[Stored records]
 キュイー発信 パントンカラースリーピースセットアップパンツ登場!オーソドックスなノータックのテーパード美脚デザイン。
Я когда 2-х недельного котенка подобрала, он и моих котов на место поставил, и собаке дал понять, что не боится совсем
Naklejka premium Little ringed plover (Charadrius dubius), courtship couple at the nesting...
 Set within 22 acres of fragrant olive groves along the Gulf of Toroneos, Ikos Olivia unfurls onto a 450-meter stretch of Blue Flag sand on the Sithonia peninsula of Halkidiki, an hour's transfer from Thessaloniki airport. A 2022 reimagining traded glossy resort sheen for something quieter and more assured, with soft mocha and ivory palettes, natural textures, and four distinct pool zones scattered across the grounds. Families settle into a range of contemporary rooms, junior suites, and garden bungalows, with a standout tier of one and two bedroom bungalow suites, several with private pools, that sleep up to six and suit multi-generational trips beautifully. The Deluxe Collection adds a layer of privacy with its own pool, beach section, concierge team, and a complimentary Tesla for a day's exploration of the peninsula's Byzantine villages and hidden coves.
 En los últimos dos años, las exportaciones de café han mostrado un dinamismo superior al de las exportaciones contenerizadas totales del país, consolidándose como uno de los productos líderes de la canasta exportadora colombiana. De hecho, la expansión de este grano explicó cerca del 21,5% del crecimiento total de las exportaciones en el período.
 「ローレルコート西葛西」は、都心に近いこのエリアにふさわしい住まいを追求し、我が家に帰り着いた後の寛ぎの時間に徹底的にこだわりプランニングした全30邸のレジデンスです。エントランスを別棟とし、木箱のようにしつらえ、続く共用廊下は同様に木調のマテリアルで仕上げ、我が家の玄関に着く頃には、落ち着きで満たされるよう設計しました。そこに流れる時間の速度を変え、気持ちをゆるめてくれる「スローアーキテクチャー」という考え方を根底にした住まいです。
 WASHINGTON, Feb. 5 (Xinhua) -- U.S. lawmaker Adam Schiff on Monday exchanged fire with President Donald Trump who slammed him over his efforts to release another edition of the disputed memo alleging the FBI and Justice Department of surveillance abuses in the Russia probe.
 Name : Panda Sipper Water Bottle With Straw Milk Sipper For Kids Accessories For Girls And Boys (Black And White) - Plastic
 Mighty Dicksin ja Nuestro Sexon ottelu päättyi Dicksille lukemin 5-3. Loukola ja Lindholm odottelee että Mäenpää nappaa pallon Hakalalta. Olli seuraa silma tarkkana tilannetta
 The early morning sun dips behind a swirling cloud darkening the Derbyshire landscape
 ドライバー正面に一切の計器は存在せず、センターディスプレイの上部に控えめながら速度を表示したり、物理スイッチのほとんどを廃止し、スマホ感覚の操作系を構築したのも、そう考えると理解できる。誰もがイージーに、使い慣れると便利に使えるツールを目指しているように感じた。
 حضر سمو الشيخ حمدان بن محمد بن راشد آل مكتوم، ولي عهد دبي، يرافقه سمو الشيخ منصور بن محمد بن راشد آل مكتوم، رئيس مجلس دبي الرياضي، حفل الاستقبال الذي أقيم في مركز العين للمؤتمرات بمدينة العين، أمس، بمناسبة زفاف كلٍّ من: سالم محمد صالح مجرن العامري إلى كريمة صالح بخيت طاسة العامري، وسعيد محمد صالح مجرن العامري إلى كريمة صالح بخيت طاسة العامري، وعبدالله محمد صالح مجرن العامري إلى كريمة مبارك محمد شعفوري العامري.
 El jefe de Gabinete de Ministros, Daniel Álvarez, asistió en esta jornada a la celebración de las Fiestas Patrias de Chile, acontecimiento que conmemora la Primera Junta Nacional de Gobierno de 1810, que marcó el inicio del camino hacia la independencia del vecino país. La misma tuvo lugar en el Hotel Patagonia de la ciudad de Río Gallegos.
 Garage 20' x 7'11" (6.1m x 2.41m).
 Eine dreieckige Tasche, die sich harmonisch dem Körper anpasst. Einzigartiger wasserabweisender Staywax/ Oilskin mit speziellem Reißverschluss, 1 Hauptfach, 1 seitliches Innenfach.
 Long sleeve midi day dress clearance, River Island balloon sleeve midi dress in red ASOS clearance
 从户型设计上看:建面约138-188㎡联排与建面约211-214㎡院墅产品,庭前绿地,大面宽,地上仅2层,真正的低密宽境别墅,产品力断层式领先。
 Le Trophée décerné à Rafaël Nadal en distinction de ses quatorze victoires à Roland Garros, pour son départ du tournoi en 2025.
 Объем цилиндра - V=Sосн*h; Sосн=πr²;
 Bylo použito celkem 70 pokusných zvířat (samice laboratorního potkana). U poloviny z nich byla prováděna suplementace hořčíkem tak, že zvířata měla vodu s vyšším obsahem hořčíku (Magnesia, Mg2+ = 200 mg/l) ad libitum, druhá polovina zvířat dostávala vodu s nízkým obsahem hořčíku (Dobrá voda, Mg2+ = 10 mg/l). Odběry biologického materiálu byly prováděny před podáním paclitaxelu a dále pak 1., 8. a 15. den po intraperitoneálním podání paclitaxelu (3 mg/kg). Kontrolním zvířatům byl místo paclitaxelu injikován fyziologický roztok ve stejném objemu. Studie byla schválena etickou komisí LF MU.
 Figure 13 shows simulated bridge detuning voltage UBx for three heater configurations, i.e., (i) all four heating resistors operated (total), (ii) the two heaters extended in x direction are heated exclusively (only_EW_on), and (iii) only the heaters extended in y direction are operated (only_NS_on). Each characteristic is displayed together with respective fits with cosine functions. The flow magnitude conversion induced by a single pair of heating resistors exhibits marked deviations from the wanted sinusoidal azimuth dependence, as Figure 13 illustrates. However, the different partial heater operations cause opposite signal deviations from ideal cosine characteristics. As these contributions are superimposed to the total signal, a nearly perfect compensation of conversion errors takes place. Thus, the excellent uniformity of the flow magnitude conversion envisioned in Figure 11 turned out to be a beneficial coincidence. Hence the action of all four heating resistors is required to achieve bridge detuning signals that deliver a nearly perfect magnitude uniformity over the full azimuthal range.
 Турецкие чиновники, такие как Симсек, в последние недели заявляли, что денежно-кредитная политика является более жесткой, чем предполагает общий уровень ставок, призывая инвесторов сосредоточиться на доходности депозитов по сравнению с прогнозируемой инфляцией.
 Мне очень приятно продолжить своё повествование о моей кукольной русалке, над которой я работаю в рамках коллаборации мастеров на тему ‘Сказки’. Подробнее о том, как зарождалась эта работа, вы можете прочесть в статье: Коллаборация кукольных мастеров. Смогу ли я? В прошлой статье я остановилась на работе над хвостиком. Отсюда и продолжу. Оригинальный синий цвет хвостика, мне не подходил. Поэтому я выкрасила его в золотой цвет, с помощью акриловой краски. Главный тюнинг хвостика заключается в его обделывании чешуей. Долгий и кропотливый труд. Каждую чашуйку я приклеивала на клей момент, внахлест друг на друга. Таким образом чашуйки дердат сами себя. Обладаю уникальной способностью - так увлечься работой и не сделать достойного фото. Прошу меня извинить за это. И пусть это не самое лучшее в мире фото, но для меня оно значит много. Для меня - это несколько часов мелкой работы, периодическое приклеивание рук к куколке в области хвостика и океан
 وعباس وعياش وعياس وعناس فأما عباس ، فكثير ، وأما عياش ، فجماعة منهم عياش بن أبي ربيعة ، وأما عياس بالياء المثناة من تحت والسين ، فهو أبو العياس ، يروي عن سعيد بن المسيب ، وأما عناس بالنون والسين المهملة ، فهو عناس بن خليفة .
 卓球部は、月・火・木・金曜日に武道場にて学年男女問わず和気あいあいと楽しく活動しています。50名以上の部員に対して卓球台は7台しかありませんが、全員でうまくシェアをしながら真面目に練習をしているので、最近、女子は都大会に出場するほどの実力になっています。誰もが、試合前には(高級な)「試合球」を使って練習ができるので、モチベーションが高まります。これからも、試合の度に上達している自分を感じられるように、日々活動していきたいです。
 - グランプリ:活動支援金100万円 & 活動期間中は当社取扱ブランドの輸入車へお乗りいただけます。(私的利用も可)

◆ What you will do: Taking the records from the top, repeat each line exactly until you have repeated the line that contains "Naklejka premium Little".

◆ Result:
 キュイー発信 パントンカラースリーピースセットアップパンツ登場!オーソドックスなノータックのテーパード美脚デザイン。
Я когда 2-х недельного котенка подобрала, он и моих котов на место поставил, и собаке дал понять, что не боится совсем
Naklejka premium Little ringed plover (Charadrius dubius), courtship couple at the nesting...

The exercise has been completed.